#### Provided data:
════════════════════

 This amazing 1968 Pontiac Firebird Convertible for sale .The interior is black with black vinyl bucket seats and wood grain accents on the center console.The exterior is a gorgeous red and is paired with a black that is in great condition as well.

════════════════════

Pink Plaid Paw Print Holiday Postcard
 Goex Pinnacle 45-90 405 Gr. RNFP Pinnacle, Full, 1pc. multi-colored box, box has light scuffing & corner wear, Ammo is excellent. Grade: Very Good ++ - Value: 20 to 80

════════════════════

Working from the data above, extract solely the lines from the one containing "Pink Plaid Paw Print Holiday Postcard" through the one containing "Goex Pinnacle 45-90", exactly as they appear, both included.

#### Result of this exercise:
Pink Plaid Paw Print Holiday Postcard
 Goex Pinnacle 45-90 405 Gr. RNFP Pinnacle, Full, 1pc. multi-colored box, box has light scuffing & corner wear, Ammo is excellent. Grade: Very Good ++ - Value: 20 to 80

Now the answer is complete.